El próximo 7 de febrero en Lucille, la ciudad de Buenos Aires recibe un combo que parece pensado por alguien que se pasó la adolescencia con un walkman lleno de cassettes grabados a fines de los 80: Venom Inc., Vio-Lence y Forbidden. Tres bandas con recorridos distintos, pero atravesadas por algo en común: todas dejaron una huella muy clara en la evolución del sonido más agresivo del metal.

Además, la velada contará con 3 bandas locales: primero será el turno de Zarkas, luego los experimentados Dark Warrior y también Tungsteno.

En el plano internacional, la noche arranca con el peso propio de Venom Inc., herederos directos del legado de Venom, una de las bandas más influyentes en el nacimiento del black metal, el thrash y buena parte de la estética extrema que vino después. La banda tiene al frente a Demolition Man, el mismo que grabó discos como Prime Evil con Venom.

Desde la Bay Area llega Vio-Lence, pieza clave del rompecabezas thrash de fines de los 80. Con Eternal Nightmare como carta de presentación, su propuesta siempre fue más cruda, más directa y visceral, adelantándose a varias de las características que después se volverían habituales en el thrash moderno y el crossover.

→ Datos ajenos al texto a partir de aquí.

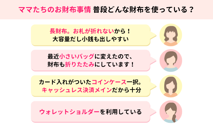 折りたたみ財布を選ぶママからは、バッグの小型化や荷物を減らしたいという声が目立ちました。
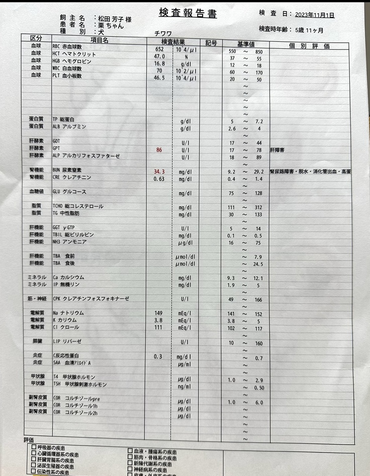 これが栗(クリル)の病名でした。↑すでに3種類の薬を服用しており、進行度もステージ3〜4を漂っている状況だということも聞き、愕然としました。そういう事だったのか、と。

Y para el cierre, llegará el regreso de Forbidden, una de las versiones más técnicas y pulidas del thrash californiano. Discos como Forbidden Evil y Twisted into Form mostraron que la velocidad podía convivir con la precisión y la complejidad compositiva sin perder agresividad. Esta vez, al histórico Craig Locicero se le suma el baterista Chris Kontos (de pie, por favor). Su presencia en esta fecha convierte el show en una oportunidad poco frecuente para escuchar a semejante baterista en acción.

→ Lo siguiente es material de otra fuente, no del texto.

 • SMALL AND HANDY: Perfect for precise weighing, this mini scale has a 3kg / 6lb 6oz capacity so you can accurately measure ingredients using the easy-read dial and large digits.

Más que un recital, esta fecha se perfila como una celebración de una época irrepetible, donde la creatividad, la velocidad y la agresión empujaron al metal hacia terrenos cada vez más extremos. Una cita obligada.

3 bandas, 3 discos: ¿Cuál es el álbum más clásico de cada banda?

3Venom Inc. – Ave (2017)

Lejos de ser un simple ejercicio de nostalgia, Ave funciona como una reafirmación del legado que Venom ayudó a construir décadas atrás. Con miembros históricos como Demolition Man y Mantas retomando ese sonido primitivo, sucio y directo, el disco recupera la esencia de los primeros años del metal extremo, pero con una producción más moderna que potencia el impacto. Riffs simples y efectivos, una atmósfera oscura y esa sensación constante de peligro hacen que Ave suene como un puente entre el origen del black/thrash y su proyección en el presente. Es, en muchos sentidos, una declaración de vigencia más que un recuerdo del pasado.

2Vio-Lence – Eternal Nightmare (1988)

Hay que sincerarse: costó no elegir Oppressing the Masses, pero las hordas del thrash siempre prefirieron Eternal Nightmare. Y además tiene arte de tapa del maestro Ed Repka. El debut de Vio-Lence es uno de esos discos que capturan el momento exacto en que el thrash empezaba a tensar sus propios límites. Más crudo y desbordado que muchos de sus contemporáneos de la Bay Area, Eternal Nightmare se apoya en riffs filosos, cambios de ritmo constantes y una agresividad casi caótica que anticipa rasgos que después serían habituales en el thrash más moderno y el crossover. La voz histérica e histórica de Sean Killian y la guitarra afilada de Phil Demmel terminan de darle identidad a un álbum que suena urgente, incómodo y visceral, como si cada tema estuviera a punto de desbordarse. ¿Clásico? No: clasicazo.

1Forbidden – Forbidden Evil (1988)

Con su debut, Forbidden mostró otra cara del thrash californiano: velocidad y agresión, sí, pero también precisión quirúrgica y un nivel técnico poco común para la época. Forbidden Evil combina riffs vertiginosos con estructuras más elaboradas y una ejecución impecable que deja en claro que el género también podía crecer hacia terrenos más complejos sin perder intensidad. La voz de Russ Anderson, versátil y potente, se mueve con naturalidad entre pasajes veloces y secciones más melódicas, aportando un matiz que distingue al disco dentro de la camada de lanzamientos clave de fines de los ’80s. Un dato no menor: la batería la grabó Paul Bostaph, que luego sería el baterista de Slayer. Otro dato no menor: Robb Flynn de Vio-Lence y Machine Head compuso 3 temas. Último dato no menor: es un discazo de puro thrash.

  • Forbidden, Vio-Lence y Venom Inc se presentan el sábado 7 en Lucille, Gorriti 5520.